Os apoiadores de Bolsonaro

image_pdf

Por ANDRÉ SINGER*

Análise e comentário das pesquisas de opinião acerca da popularidade do presidente.

A última pesquisa do instituto Datafolha, realizada no dia 27 de abril, mostrou um quadro novo, uma perda do apoio ao presidente Bolsonaro nos segmentos de renda mais alta. Mais precisamente no setor de renda acima de 10 salários mínimos e, em parte, também no setor com renda familiar mensal entre 5 e 10 salários mínimos.

Esses dados confirmam o que se podia antever já em meados de março, quando começaram os panelaços contra o presidente. A partir daquele momento o presidente começou a participar de manifestações que pedem o fechamento do Congresso e do Supremo Tribunal Federal. Na ocasião a pandemia já havia chegado ao Brasil e a orientação do Ministério da Saúde recomendava evitar aglomerações. O presidente participou de três manifestações desse tipo em Brasília.

Além de adotar uma atitude de desrespeito às orientações do comando do Ministério da Saúde (antes das trocas de ministros), indicações que seguem as recomendações da Organização Mundial da Saúde, o presidente incentivou manifestações de caráter antidemocrático.

Depois disso, esta perda de apoio entre os seguimentos de renda mais alta se acentuou com a renúncia do ministro da Justiça Sérgio Moro que saiu do cargo denunciando pressões do presidente para interferir politicamente na Polícia Federal. Esses segmentos, importantes para a eleição do presidente Bolsonaro em 2018 começaram nitidamente a se afastar dele.

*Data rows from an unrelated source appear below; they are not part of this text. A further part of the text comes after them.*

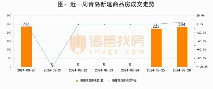 【青岛成交日报】09月26日新房成交234套、二手房228套;涨价房源123套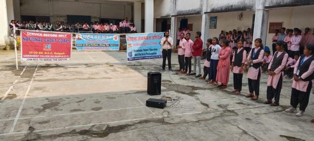 उल्लेखनीय है कि जिला निर्वाचन अधिकारी के निर्देशन एवं स्वीप नोडल अधिकारी जिला पंचायत सीईओ के मार्गदर्शन में निरंतर मतदाता जागरूकता कार्यक्रम आयोजित किये जा रह हैं। इसी कड़ी में शासकीय महाविद्यालय बलरामपुर में अंतर्गत मतदाता जागरूकता विषय पर नुक्कड़ नाटक का आयोजन किया गया। जिसका उद्देश्य युवाओं में लोकतांत्रिक चेतना, नागरिक दायित्व एवं निर्वाचन प्रक्रिया के प्रति जागरूकता लाना है। कार्यक्रम में महाविद्यालय के प्राध्यापकगण, कर्मचारी एवं छात्र-छात्राएं उपस्थित रहे।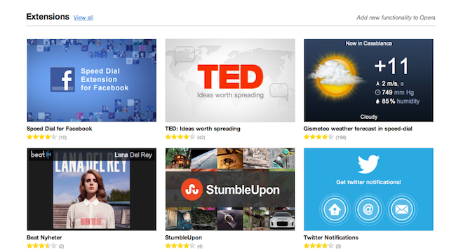 For Facebook, Opera notes on its blog that the Speed Dial extension allows users to see updated Facebook photos without visiting the website.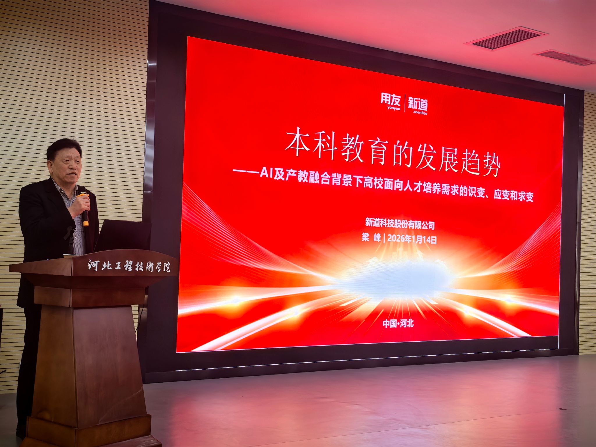 揭牌仪式后,学术报告环节如期举行。新道科技股份有限公司首席专家、教授、硕士研究生导师梁峰受邀作题为《本科教育的发展趋势 ——AI 及产教融合背景下高校面向人才培养需求的识变、应变、求变》的主旨报告。作为国家财政部教材编审委员会委员、教育部本科教学工作审核评估专家,梁峰教授拥有丰富的高校管理与科研经验,曾主持国家社科基金项目、省级科研项目 30 余项,出版专著教材 100 余部,发表核心期刊论文 60 余篇,斩获多项国家及省级科研、教学成果奖励。 报告中,梁峰教授紧扣 AI 时代发展脉搏与产教融合政策导向,深入浅出地解析了当前本科教育面临的机遇与挑战,提出了高校人才培养 “识变、应变、求变” 的核心路径。其分享的新理念、新思路,为tyc33455cc太阳成集团深化教育教学改革、优化人才培养方案提供了重要借鉴,赢得了现场教师的热烈反响与阵阵掌声。 据悉,tyc33455cc太阳成集团区域企业数智化产教融合实践中心将以 “数字赋能、交叉融合、服务社会” 为核心指引,聚焦高素质应用型人才培养,搭建校企合作、产学研协同创新的桥梁,力争成为助力区域经济高质量发展的重要平台。

Muitos apontaram para uma transferência da base de apoio, com a possível adesão de segmentos populares ao presidente Bolsonaro. De fato, essa pesquisa do Datafolha, realizada no dia 27 de abril, registrou um pequeno aumento de apoio a ele entre os mais pobres. Isso quando se compara com a pesquisa da véspera do primeiro turno de 2018. Trata-se de um aumento de cinco pontos percentuais, muito próximo da margem de erro, se é que não está dentro da margem de erro, porque agora as pesquisas são telefônicas.

Essa mudança de metodologia – imposta pela pandemia – diminuiu a confiabilidade dessa comparação, que precisa então ser relativizada. É útil fazê-la, mas quando a diferença numérica é pequena como neste caso – sobretudo em relação aos eleitores com renda familiar mensal de até dois salários mínimos – a comparação não é conclusiva.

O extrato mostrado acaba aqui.